(Exercise inputs Opens)

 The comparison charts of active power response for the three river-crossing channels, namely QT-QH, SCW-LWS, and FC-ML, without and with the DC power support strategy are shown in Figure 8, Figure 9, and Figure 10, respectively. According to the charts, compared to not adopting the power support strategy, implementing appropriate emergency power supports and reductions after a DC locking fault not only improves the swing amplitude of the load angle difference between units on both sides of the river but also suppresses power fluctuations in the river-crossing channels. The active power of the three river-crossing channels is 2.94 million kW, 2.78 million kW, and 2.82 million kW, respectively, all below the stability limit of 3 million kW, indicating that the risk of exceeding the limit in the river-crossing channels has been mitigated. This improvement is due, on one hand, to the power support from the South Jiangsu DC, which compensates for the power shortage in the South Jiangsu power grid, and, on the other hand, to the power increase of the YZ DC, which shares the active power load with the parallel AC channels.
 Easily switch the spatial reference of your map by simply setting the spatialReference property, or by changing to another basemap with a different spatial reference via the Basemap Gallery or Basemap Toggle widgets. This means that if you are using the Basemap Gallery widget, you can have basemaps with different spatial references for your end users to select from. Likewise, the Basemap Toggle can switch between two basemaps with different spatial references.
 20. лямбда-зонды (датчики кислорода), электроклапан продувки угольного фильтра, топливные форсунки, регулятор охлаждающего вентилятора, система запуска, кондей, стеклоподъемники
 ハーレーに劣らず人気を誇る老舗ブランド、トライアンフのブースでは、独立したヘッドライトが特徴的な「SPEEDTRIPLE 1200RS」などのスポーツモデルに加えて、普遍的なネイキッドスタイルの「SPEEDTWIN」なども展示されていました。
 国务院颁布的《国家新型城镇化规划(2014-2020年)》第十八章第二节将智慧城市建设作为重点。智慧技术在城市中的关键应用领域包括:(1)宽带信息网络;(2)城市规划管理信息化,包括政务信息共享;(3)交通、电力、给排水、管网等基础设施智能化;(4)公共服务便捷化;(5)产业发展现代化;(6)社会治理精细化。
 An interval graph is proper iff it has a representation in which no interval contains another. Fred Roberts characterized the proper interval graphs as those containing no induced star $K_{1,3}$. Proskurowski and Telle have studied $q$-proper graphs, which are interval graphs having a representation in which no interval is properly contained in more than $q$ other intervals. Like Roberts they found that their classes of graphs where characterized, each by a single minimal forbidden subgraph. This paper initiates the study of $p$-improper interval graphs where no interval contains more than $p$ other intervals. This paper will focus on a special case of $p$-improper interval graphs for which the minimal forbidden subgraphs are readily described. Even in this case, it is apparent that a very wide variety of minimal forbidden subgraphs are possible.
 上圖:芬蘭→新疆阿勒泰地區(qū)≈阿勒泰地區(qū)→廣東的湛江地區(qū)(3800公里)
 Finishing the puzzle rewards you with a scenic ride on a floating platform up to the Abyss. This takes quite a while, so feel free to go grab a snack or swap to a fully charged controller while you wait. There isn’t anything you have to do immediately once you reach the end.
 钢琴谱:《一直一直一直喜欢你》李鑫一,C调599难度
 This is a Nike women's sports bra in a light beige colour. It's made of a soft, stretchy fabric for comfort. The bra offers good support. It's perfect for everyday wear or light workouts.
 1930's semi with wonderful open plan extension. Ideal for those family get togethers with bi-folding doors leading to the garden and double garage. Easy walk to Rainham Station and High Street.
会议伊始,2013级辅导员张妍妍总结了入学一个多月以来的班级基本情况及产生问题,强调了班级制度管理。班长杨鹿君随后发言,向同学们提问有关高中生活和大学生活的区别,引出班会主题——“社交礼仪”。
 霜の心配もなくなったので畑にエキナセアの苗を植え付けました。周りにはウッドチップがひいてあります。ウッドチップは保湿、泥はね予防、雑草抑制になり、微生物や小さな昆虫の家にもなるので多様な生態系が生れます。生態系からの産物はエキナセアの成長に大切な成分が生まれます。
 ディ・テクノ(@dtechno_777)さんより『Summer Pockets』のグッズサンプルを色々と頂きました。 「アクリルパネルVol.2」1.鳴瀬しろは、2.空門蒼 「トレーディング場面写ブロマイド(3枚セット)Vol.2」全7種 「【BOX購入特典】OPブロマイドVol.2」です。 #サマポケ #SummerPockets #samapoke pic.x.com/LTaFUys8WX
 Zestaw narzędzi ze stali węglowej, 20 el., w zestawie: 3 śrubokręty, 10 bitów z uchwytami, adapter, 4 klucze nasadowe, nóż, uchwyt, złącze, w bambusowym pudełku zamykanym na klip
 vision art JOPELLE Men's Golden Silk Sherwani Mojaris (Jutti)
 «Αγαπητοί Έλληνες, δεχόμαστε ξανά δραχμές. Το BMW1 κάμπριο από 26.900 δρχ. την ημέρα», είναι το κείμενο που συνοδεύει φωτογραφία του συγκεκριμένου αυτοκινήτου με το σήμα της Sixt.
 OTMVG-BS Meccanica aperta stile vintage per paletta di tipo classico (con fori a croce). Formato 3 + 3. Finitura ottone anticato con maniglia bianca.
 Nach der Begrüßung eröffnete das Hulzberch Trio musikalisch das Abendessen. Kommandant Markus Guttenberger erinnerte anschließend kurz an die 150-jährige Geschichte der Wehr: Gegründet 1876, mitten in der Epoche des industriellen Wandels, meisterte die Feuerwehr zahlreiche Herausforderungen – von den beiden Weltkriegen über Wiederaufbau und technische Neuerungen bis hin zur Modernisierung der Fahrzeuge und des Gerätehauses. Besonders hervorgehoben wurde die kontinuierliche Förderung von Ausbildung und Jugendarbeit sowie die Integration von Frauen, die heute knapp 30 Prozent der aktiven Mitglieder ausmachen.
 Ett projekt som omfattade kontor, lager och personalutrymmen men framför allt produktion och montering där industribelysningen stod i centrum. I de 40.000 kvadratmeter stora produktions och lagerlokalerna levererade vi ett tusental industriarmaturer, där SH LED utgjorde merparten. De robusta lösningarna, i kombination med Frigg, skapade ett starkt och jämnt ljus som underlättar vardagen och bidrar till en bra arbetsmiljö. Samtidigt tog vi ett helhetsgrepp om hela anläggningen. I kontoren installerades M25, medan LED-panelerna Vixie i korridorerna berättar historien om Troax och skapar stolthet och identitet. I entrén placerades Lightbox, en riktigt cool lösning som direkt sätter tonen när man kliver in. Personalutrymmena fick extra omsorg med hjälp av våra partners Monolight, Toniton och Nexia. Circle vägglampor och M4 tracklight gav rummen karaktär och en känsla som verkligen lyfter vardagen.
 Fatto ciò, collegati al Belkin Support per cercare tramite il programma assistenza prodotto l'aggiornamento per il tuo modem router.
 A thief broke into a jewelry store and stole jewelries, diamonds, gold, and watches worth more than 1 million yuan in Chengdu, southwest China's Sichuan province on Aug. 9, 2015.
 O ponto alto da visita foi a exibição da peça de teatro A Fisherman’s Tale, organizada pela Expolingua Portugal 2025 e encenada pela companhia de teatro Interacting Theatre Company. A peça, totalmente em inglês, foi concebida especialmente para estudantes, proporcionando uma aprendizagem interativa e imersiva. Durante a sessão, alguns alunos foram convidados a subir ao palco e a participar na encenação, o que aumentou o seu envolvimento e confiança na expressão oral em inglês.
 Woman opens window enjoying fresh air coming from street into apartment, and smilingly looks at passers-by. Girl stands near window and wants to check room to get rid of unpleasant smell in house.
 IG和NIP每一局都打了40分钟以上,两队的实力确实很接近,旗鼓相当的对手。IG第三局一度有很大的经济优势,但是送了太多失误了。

(Exercise inputs Closes)

Exercise: Repeat the entries exactly, leaving nothing out.

Response area:
 The comparison charts of active power response for the three river-crossing channels, namely QT-QH, SCW-LWS, and FC-ML, without and with the DC power support strategy are shown in Figure 8, Figure 9, and Figure 10, respectively. According to the charts, compared to not adopting the power support strategy, implementing appropriate emergency power supports and reductions after a DC locking fault not only improves the swing amplitude of the load angle difference between units on both sides of the river but also suppresses power fluctuations in the river-crossing channels. The active power of the three river-crossing channels is 2.94 million kW, 2.78 million kW, and 2.82 million kW, respectively, all below the stability limit of 3 million kW, indicating that the risk of exceeding the limit in the river-crossing channels has been mitigated. This improvement is due, on one hand, to the power support from the South Jiangsu DC, which compensates for the power shortage in the South Jiangsu power grid, and, on the other hand, to the power increase of the YZ DC, which shares the active power load with the parallel AC channels.
 Easily switch the spatial reference of your map by simply setting the spatialReference property, or by changing to another basemap with a different spatial reference via the Basemap Gallery or Basemap Toggle widgets. This means that if you are using the Basemap Gallery widget, you can have basemaps with different spatial references for your end users to select from. Likewise, the Basemap Toggle can switch between two basemaps with different spatial references.
 20. лямбда-зонды (датчики кислорода), электроклапан продувки угольного фильтра, топливные форсунки, регулятор охлаждающего вентилятора, система запуска, кондей, стеклоподъемники
 ハーレーに劣らず人気を誇る老舗ブランド、トライアンフのブースでは、独立したヘッドライトが特徴的な「SPEEDTRIPLE 1200RS」などのスポーツモデルに加えて、普遍的なネイキッドスタイルの「SPEEDTWIN」なども展示されていました。
 国务院颁布的《国家新型城镇化规划(2014-2020年)》第十八章第二节将智慧城市建设作为重点。智慧技术在城市中的关键应用领域包括:(1)宽带信息网络;(2)城市规划管理信息化,包括政务信息共享;(3)交通、电力、给排水、管网等基础设施智能化;(4)公共服务便捷化;(5)产业发展现代化;(6)社会治理精细化。
 An interval graph is proper iff it has a representation in which no interval contains another. Fred Roberts characterized the proper interval graphs as those containing no induced star $K_{1,3}$. Proskurowski and Telle have studied $q$-proper graphs, which are interval graphs having a representation in which no interval is properly contained in more than $q$ other intervals. Like Roberts they found that their classes of graphs where characterized, each by a single minimal forbidden subgraph. This paper initiates the study of $p$-improper interval graphs where no interval contains more than $p$ other intervals. This paper will focus on a special case of $p$-improper interval graphs for which the minimal forbidden subgraphs are readily described. Even in this case, it is apparent that a very wide variety of minimal forbidden subgraphs are possible.
 上圖:芬蘭→新疆阿勒泰地區(qū)≈阿勒泰地區(qū)→廣東的湛江地區(qū)(3800公里)
 Finishing the puzzle rewards you with a scenic ride on a floating platform up to the Abyss. This takes quite a while, so feel free to go grab a snack or swap to a fully charged controller while you wait. There isn’t anything you have to do immediately once you reach the end.
 钢琴谱:《一直一直一直喜欢你》李鑫一,C调599难度
 This is a Nike women's sports bra in a light beige colour. It's made of a soft, stretchy fabric for comfort. The bra offers good support. It's perfect for everyday wear or light workouts.
 1930's semi with wonderful open plan extension. Ideal for those family get togethers with bi-folding doors leading to the garden and double garage. Easy walk to Rainham Station and High Street.
会议伊始,2013级辅导员张妍妍总结了入学一个多月以来的班级基本情况及产生问题,强调了班级制度管理。班长杨鹿君随后发言,向同学们提问有关高中生活和大学生活的区别,引出班会主题——“社交礼仪”。
 霜の心配もなくなったので畑にエキナセアの苗を植え付けました。周りにはウッドチップがひいてあります。ウッドチップは保湿、泥はね予防、雑草抑制になり、微生物や小さな昆虫の家にもなるので多様な生態系が生れます。生態系からの産物はエキナセアの成長に大切な成分が生まれます。
 ディ・テクノ(@dtechno_777)さんより『Summer Pockets』のグッズサンプルを色々と頂きました。 「アクリルパネルVol.2」1.鳴瀬しろは、2.空門蒼 「トレーディング場面写ブロマイド(3枚セット)Vol.2」全7種 「【BOX購入特典】OPブロマイドVol.2」です。 #サマポケ #SummerPockets #samapoke pic.x.com/LTaFUys8WX
 Zestaw narzędzi ze stali węglowej, 20 el., w zestawie: 3 śrubokręty, 10 bitów z uchwytami, adapter, 4 klucze nasadowe, nóż, uchwyt, złącze, w bambusowym pudełku zamykanym na klip
 vision art JOPELLE Men's Golden Silk Sherwani Mojaris (Jutti)
 «Αγαπητοί Έλληνες, δεχόμαστε ξανά δραχμές. Το BMW1 κάμπριο από 26.900 δρχ. την ημέρα», είναι το κείμενο που συνοδεύει φωτογραφία του συγκεκριμένου αυτοκινήτου με το σήμα της Sixt.
 OTMVG-BS Meccanica aperta stile vintage per paletta di tipo classico (con fori a croce). Formato 3 + 3. Finitura ottone anticato con maniglia bianca.
 Nach der Begrüßung eröffnete das Hulzberch Trio musikalisch das Abendessen. Kommandant Markus Guttenberger erinnerte anschließend kurz an die 150-jährige Geschichte der Wehr: Gegründet 1876, mitten in der Epoche des industriellen Wandels, meisterte die Feuerwehr zahlreiche Herausforderungen – von den beiden Weltkriegen über Wiederaufbau und technische Neuerungen bis hin zur Modernisierung der Fahrzeuge und des Gerätehauses. Besonders hervorgehoben wurde die kontinuierliche Förderung von Ausbildung und Jugendarbeit sowie die Integration von Frauen, die heute knapp 30 Prozent der aktiven Mitglieder ausmachen.
 Ett projekt som omfattade kontor, lager och personalutrymmen men framför allt produktion och montering där industribelysningen stod i centrum. I de 40.000 kvadratmeter stora produktions och lagerlokalerna levererade vi ett tusental industriarmaturer, där SH LED utgjorde merparten. De robusta lösningarna, i kombination med Frigg, skapade ett starkt och jämnt ljus som underlättar vardagen och bidrar till en bra arbetsmiljö. Samtidigt tog vi ett helhetsgrepp om hela anläggningen. I kontoren installerades M25, medan LED-panelerna Vixie i korridorerna berättar historien om Troax och skapar stolthet och identitet. I entrén placerades Lightbox, en riktigt cool lösning som direkt sätter tonen när man kliver in. Personalutrymmena fick extra omsorg med hjälp av våra partners Monolight, Toniton och Nexia. Circle vägglampor och M4 tracklight gav rummen karaktär och en känsla som verkligen lyfter vardagen.
 Fatto ciò, collegati al Belkin Support per cercare tramite il programma assistenza prodotto l'aggiornamento per il tuo modem router.
 A thief broke into a jewelry store and stole jewelries, diamonds, gold, and watches worth more than 1 million yuan in Chengdu, southwest China's Sichuan province on Aug. 9, 2015.
 O ponto alto da visita foi a exibição da peça de teatro A Fisherman’s Tale, organizada pela Expolingua Portugal 2025 e encenada pela companhia de teatro Interacting Theatre Company. A peça, totalmente em inglês, foi concebida especialmente para estudantes, proporcionando uma aprendizagem interativa e imersiva. Durante a sessão, alguns alunos foram convidados a subir ao palco e a participar na encenação, o que aumentou o seu envolvimento e confiança na expressão oral em inglês.
 Woman opens window enjoying fresh air coming from street into apartment, and smilingly looks at passers-by. Girl stands near window and wants to check room to get rid of unpleasant smell in house.
 IG和NIP每一局都打了40分钟以上,两队的实力确实很接近,旗鼓相当的对手。IG第三局一度有很大的经济优势,但是送了太多失误了。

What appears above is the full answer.